Extracted data entries
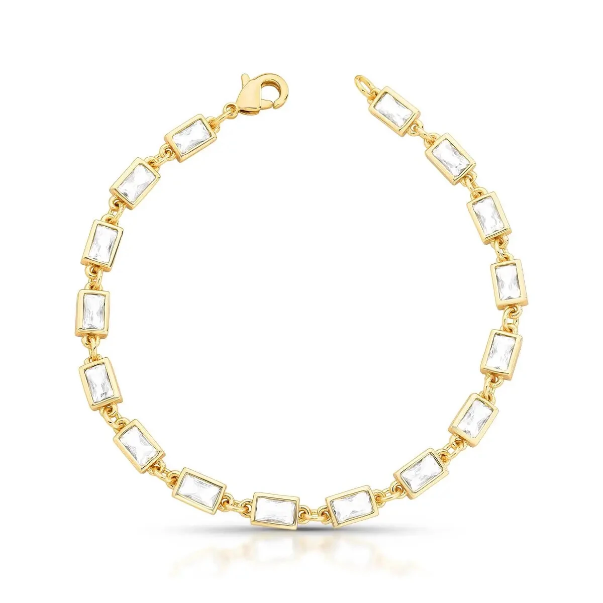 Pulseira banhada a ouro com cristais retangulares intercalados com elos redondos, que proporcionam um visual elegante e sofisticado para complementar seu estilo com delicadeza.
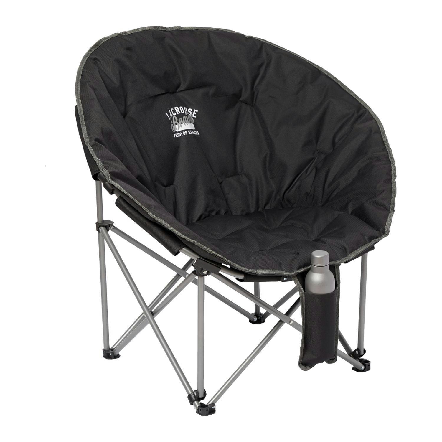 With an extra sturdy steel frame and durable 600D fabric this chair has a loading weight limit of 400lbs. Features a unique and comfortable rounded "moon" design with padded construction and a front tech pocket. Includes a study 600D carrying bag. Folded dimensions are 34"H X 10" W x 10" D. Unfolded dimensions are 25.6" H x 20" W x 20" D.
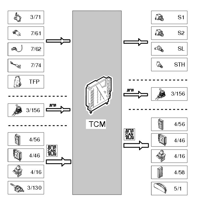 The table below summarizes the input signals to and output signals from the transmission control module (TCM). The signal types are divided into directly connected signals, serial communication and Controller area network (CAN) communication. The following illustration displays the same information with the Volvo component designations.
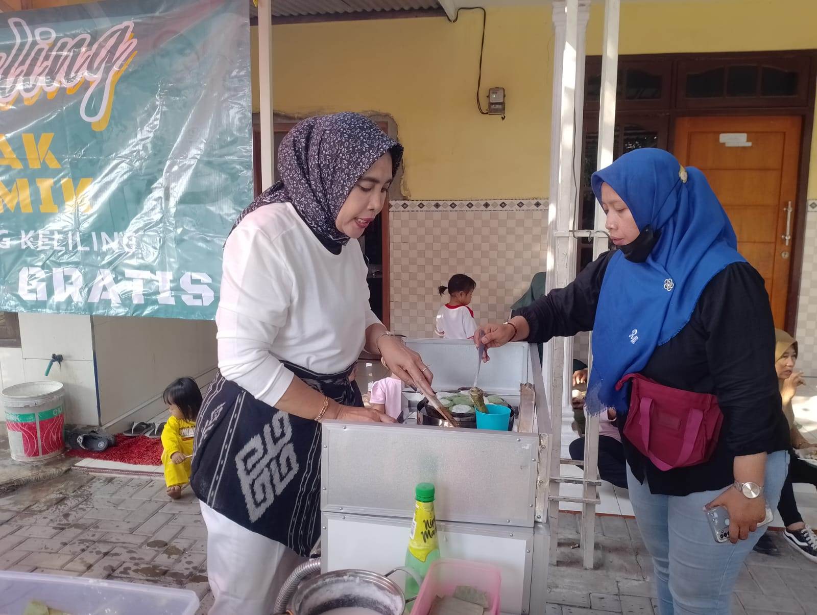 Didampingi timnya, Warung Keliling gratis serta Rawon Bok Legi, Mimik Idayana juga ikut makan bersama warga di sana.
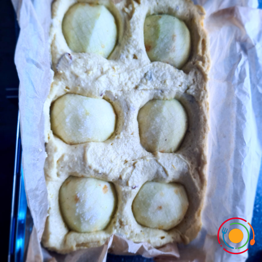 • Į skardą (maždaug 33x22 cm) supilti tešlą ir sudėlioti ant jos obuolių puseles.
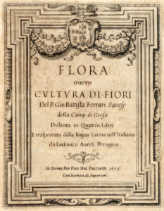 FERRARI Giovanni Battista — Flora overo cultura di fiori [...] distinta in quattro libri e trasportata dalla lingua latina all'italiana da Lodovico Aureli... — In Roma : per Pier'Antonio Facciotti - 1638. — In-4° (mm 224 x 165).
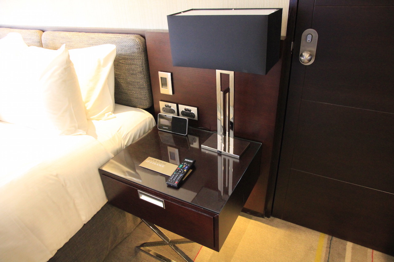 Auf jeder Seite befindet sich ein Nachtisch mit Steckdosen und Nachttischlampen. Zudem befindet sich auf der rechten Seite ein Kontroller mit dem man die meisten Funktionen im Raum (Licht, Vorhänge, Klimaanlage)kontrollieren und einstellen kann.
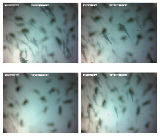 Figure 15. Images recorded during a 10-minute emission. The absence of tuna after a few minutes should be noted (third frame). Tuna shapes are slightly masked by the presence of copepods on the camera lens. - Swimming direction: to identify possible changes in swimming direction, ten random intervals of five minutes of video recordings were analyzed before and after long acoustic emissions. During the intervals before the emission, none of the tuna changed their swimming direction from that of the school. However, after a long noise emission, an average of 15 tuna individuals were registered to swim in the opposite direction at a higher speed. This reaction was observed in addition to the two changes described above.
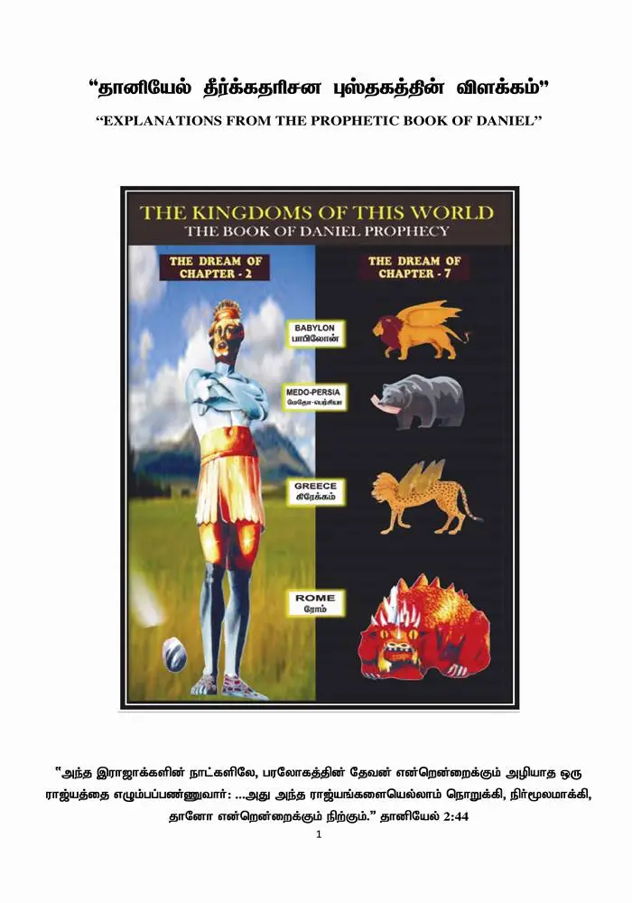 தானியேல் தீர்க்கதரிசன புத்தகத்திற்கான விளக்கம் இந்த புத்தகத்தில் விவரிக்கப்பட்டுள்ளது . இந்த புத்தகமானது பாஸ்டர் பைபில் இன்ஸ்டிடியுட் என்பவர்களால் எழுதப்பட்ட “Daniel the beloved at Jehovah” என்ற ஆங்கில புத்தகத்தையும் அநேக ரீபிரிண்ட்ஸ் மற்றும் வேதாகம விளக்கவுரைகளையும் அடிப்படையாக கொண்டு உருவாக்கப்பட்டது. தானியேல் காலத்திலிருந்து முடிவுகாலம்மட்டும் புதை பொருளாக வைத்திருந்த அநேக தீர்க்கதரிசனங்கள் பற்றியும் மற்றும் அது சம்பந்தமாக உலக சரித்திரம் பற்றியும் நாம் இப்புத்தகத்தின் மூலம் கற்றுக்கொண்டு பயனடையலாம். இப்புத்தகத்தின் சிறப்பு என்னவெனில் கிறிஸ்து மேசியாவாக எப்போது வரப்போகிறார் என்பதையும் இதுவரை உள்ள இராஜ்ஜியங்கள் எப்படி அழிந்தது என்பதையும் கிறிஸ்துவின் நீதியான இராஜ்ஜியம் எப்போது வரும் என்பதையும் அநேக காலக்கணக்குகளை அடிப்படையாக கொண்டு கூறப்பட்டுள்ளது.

**Task**:
Drop the pictures and give every line above again exactly.

**Written response**:
 Pulseira banhada a ouro com cristais retangulares intercalados com elos redondos, que proporcionam um visual elegante e sofisticado para complementar seu estilo com delicadeza.
 With an extra sturdy steel frame and durable 600D fabric this chair has a loading weight limit of 400lbs. Features a unique and comfortable rounded "moon" design with padded construction and a front tech pocket. Includes a study 600D carrying bag. Folded dimensions are 34"H X 10" W x 10" D. Unfolded dimensions are 25.6" H x 20" W x 20" D.
 The table below summarizes the input signals to and output signals from the transmission control module (TCM). The signal types are divided into directly connected signals, serial communication and Controller area network (CAN) communication. The following illustration displays the same information with the Volvo component designations.
 Didampingi timnya, Warung Keliling gratis serta Rawon Bok Legi, Mimik Idayana juga ikut makan bersama warga di sana.
 • Į skardą (maždaug 33x22 cm) supilti tešlą ir sudėlioti ant jos obuolių puseles.
 FERRARI Giovanni Battista — Flora overo cultura di fiori [...] distinta in quattro libri e trasportata dalla lingua latina all'italiana da Lodovico Aureli... — In Roma : per Pier'Antonio Facciotti - 1638. — In-4° (mm 224 x 165).
 Auf jeder Seite befindet sich ein Nachtisch mit Steckdosen und Nachttischlampen. Zudem befindet sich auf der rechten Seite ein Kontroller mit dem man die meisten Funktionen im Raum (Licht, Vorhänge, Klimaanlage)kontrollieren und einstellen kann.
 Figure 15. Images recorded during a 10-minute emission. The absence of tuna after a few minutes should be noted (third frame). Tuna shapes are slightly masked by the presence of copepods on the camera lens. - Swimming direction: to identify possible changes in swimming direction, ten random intervals of five minutes of video recordings were analyzed before and after long acoustic emissions. During the intervals before the emission, none of the tuna changed their swimming direction from that of the school. However, after a long noise emission, an average of 15 tuna individuals were registered to swim in the opposite direction at a higher speed. This reaction was observed in addition to the two changes described above.
 தானியேல் தீர்க்கதரிசன புத்தகத்திற்கான விளக்கம் இந்த புத்தகத்தில் விவரிக்கப்பட்டுள்ளது . இந்த புத்தகமானது பாஸ்டர் பைபில் இன்ஸ்டிடியுட் என்பவர்களால் எழுதப்பட்ட “Daniel the beloved at Jehovah” என்ற ஆங்கில புத்தகத்தையும் அநேக ரீபிரிண்ட்ஸ் மற்றும் வேதாகம விளக்கவுரைகளையும் அடிப்படையாக கொண்டு உருவாக்கப்பட்டது. தானியேல் காலத்திலிருந்து முடிவுகாலம்மட்டும் புதை பொருளாக வைத்திருந்த அநேக தீர்க்கதரிசனங்கள் பற்றியும் மற்றும் அது சம்பந்தமாக உலக சரித்திரம் பற்றியும் நாம் இப்புத்தகத்தின் மூலம் கற்றுக்கொண்டு பயனடையலாம். இப்புத்தகத்தின் சிறப்பு என்னவெனில் கிறிஸ்து மேசியாவாக எப்போது வரப்போகிறார் என்பதையும் இதுவரை உள்ள இராஜ்ஜியங்கள் எப்படி அழிந்தது என்பதையும் கிறிஸ்துவின் நீதியான இராஜ்ஜியம் எப்போது வரும் என்பதையும் அநேக காலக்கணக்குகளை அடிப்படையாக கொண்டு கூறப்பட்டுள்ளது.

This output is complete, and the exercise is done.